Bei der Schul-Weltmeisterschaft in China spielte sie im Team der Theo-Koch-Schule Grünberg. 2012 spielte sie bei der B-Europameisterschaft U18 in Mazedonien. 2013 war sie Führungsspielerin der deutschen U20-Nationalmannschaft bei der Europameisterschaft im türkischen Samsun und 2014 wurde sie mit der Deutschen U20-Jugend-Nationalmannschaft in Sofia B-Europameister und verhalf dem Team zum Aufstieg in die A-Europameisterschaftsrunde.

Aufgrund einer Doppellizenz war Dzirma in der Saison 2013/2014 auch in der 1. Damen-Basketball-Bundesliga für den BC Marburg am Start.

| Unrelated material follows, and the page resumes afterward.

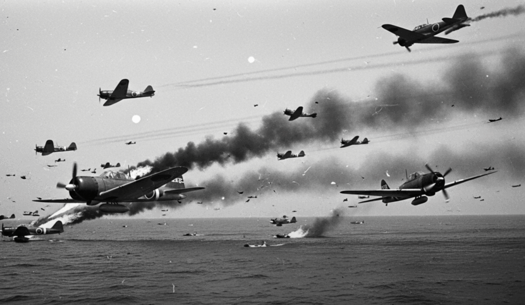 The result was disastrous for Japan. Hellcats tore through the incoming formations with deadly precision. American pilots later described the scene as a “turkey shoot.” Zeros and dive bombers burst into flames, spiraling into the sea. Only a handful broke through to attack the carriers, causing little damage. By midday, nearly 250 Japanese planes had been destroyed. In one day, Japan’s air superiority vanished.
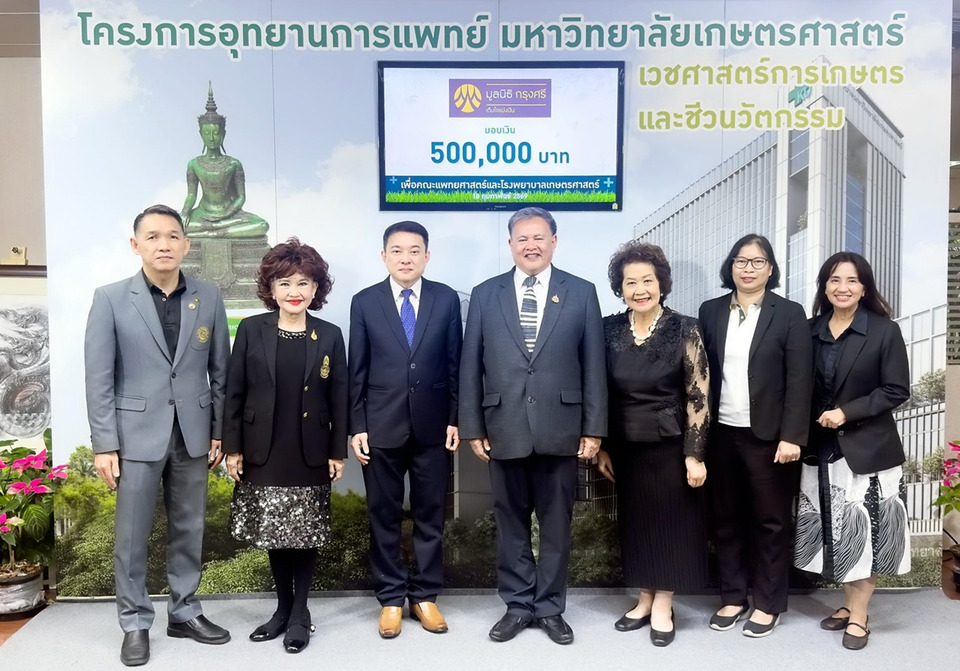 มูลนิธิกรุงศรีมอบเงินสนับสนุน 500,000 บาท แก่มหาวิทยาลัยเกษตรศาสตร์ เพื่อสมทบก่อสร้างโรงพยาบาลเกษตรศาสตร์ ภายใต้โครงการอุทยานการแพทย์ รองรับการผลิตบุคลากรทางการแพทย์และยกระดับระบบสาธารณสุขไทยอย่างยั่งยืน

In ihrem Abi-Jahr kam sie aber nur auf 4 Kurzeinsätze. Zur Saison  2014/2015 wechselte sie zu den Eisvögeln nach Freiburg wo sie zum Rookie des Jahres wurde. Sie wurde nicht nur in allen 28 Bundesliga- ,Play-Off- und Pokal-Spielen eingesetzt sondern rutschte auch in die Starting Five des Freiburger Teams. In der Saison entwickelte sie sich so stark weiter, dass sie am Ende der Saison die meiste Spielzeit aller Freiburger Spielerinnen erhalten hatte.